Artificial Intelligence for Home Dialysis: An Innovative Response to the Challenges of Chronic Kidney Disease in the Caribbean-Guyana.

Authors

  • Arriel Makembi Bunkete 1-Centre Hospitalier Universitaire de Guyane, site de Saint-Laurent-du-Maroni, Guyane Française, France 2-Université de Kinshasa, Kinshasa, République Démocratique du Congo 3-Renal Care Unit (RCU), Saint-Laurent-du-Maroni, Guyane Française, France https://orcid.org/0000-0001-9651-437X
  • Dévi Rita Rochemont Registre R.E.I.N., INSERM CIC 1424, Centre Hospitalier Universitaire de Guyane, site de Cayenne, Guyane Française, France https://orcid.org/0000-0002-4760-9986

DOI:

https://doi.org/10.25796/bdd.v8i4.87091

Keywords:

Caribbean-Guyana, home dialysis, chronic kidney disease, Artificial intelligence

Abstract

Chronic kidney disease (CKD) represents a major global public health challenge, affecting nearly 850 million people and ranking among the fastest-growing causes of premature mortality. In the French West Indies and Guiana region, end-stage renal disease (ESRD) places a disproportionate burden on healthcare systems, exacerbated by low medical density, geographic dispersion, and cultural diversity. Home dialysis, including peritoneal dialysis and hemodialysis, is an essential tool that improves quality of life, autonomy, and continuity of care. However, its adoption remains limited due to human, organizational, and medical barriers. Artificial intelligence (AI) emerges as a strategic lever to overcome these limitations, enabling the prediction of complications, personalized treatment optimization, and proactive telemonitoring. Its implementation requires careful attention to ethical issues, data protection, professional training, and adaptation to local cultural contexts. International experiences demonstrate that such approaches improve safety, adherence, and technical survival. In overseas territories, AI can transform home dialysis into a scalable, equitable, and sustainable solution, addressing both healthcare challenges and organizational constraints, while placing the patient and their cultural context at the heart of care management.
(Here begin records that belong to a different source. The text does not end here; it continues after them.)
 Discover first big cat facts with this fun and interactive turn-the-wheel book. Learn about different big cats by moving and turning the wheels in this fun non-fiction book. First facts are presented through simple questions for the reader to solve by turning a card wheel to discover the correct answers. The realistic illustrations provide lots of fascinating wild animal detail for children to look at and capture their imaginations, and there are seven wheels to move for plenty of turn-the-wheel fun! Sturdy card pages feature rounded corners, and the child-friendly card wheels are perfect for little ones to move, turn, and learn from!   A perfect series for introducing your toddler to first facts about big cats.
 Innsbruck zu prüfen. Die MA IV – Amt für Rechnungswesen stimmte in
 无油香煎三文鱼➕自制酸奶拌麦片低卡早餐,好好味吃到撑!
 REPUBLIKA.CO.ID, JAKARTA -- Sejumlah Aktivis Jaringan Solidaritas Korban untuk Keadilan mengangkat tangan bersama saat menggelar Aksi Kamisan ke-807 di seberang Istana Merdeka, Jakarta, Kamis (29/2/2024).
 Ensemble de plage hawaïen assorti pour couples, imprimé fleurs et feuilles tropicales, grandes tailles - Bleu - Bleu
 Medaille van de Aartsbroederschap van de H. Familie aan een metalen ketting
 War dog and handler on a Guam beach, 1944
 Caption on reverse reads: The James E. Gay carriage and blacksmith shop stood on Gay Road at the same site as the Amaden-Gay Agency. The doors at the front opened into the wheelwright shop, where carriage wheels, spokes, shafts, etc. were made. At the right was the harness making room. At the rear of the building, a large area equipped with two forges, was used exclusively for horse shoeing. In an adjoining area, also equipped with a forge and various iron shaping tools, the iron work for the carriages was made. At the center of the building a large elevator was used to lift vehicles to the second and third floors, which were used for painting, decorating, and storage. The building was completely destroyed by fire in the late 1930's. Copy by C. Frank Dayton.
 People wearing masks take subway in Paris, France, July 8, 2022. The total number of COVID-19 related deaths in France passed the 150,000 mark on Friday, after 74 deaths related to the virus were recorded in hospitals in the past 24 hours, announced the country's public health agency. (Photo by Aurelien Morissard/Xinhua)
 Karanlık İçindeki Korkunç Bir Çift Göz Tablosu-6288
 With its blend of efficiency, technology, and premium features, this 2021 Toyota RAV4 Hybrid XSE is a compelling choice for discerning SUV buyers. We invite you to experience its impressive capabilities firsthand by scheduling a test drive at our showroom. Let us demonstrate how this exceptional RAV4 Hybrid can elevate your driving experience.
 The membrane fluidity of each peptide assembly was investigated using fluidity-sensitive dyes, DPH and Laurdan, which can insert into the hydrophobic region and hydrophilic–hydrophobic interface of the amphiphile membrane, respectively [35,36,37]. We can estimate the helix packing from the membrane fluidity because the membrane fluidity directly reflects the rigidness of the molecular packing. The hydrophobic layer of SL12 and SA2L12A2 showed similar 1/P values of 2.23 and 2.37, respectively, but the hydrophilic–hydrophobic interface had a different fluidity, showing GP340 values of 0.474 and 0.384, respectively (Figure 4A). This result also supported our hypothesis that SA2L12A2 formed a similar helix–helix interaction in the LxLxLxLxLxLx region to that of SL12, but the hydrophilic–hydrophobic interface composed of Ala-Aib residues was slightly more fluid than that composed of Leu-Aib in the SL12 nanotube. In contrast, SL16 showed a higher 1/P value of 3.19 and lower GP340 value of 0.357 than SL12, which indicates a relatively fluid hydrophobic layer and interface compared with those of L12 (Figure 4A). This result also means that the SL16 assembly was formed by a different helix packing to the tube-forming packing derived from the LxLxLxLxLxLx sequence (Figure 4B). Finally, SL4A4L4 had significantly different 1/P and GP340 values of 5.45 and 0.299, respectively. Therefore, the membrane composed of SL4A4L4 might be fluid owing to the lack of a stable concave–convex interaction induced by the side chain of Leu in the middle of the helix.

Introduction: Chronic kidney disease, a neglected global health issue

Chronic kidney disease (CKD) is now a major global public health problem, affecting nearly 850 million people 1. It is one of the fastest-growing causes of premature mortality among chronic noncommunicable diseases (NCDs) 1. Some projections place it as the fifth leading cause of death worldwide by 2040 123.

Despite its considerable burden, CKD remains insufficiently recognized as a health priority. Francis et al. 1 emphasize the urgent need to include CKD on the list of NCDs officially recognized by the WHO, thereby enabling the structuring of national policies, the development of renal registries, the allocation of adequate resources, and the stimulation of innovation, particularly in renal replacement therapies 13.

This lack of recognition contributes to widening inequalities, as disadvantaged populations, low-income countries, and small island states bear the heaviest burden 23.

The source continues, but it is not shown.